As reckonings-up go, this is a sombre ledger; I never stopped wishing that this book had not needed to be written, that the experiences that gave birth to it had not happened. But Matar has turned it into something exquisite, too. Shafts of light will come in, and sometimes they are dazzling. A son massages his beloved father’s feet. A mother whispers a line from a smuggled letter. A boy makes a new friend in an English boarding school. A man embraces an uncle, feeling the bones of his 'prison body.' A family, big and fond, is reunited over nuts, pastries and sweet tea. Matar has a reserve that only makes his way with intimacy all the more moving. Critics like to call books unflinching but the point about this one is that its author flinches all the time; it’s in his turning away that we feel his unfathomable sorrow, not in those moments when he describes, as he sometimes must, all the unspeakable ways in which the regime liked to torture its prisoners; the great pile of bloodied watches collected by the guards after the Abu Salim massacre.

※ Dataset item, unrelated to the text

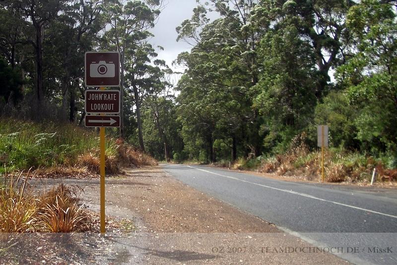 Die Straße führt über viele Kilometer geradeaus durch Weiden und Wald. Im Shannon NP machen wir einen kurzen Abstecher zum Snake Gully Lookout. Vermutlich soll es hier einen guten Blick in ein Tal geben, aber der Bereich unmittelbar vor der Plattform ist so mit dichtem Busch zugewachsen, dass wir den Wald nicht sehen. Beeindruckend sind aber schon hier und auch immer wieder auf der heutigen Strecke die großen Bäume, so dass ich überlege, welche Steigerung es im Valley of the Giants noch geben könnte.

Here, in The Return, [Matar] writes with both a novelist’s eye for physical and emotional detail, and a reporter’s tactile sense of place and time. The prose is precise, economical, chiseled; the narrative elliptical, almost musical, cutting back and forth in time between the near present, Mr. Matar’s childhood memories of growing up in Libya, and pieced-together accounts of his father’s work as an opposition leader and his imprisonment. The Return is, at once, a suspenseful detective story about a writer investigating his father’s fate at the hands of a brutal dictatorship, and a son’s efforts to come to terms with his father’s ghost, who has haunted more than half his life by his absence.
Out of his protracted torment Matar has forged a memoir that in its nuance and nobility bears unforgettable witness to love, to courage and to humanity. The Return is also a subtle and nimble work of art. It shifts elegantly between past and present, between dialogue and soliloquy, between urgent, even suspenseful action and probing meditations on exile, grief and loss...The Return deserves a place in the exalted company of those who 'hope against hope' — as Nadezhda Mandelstam called her great testimony of the loss of her husband, the poet Osip Mandelstam, to Stalin’s gulag.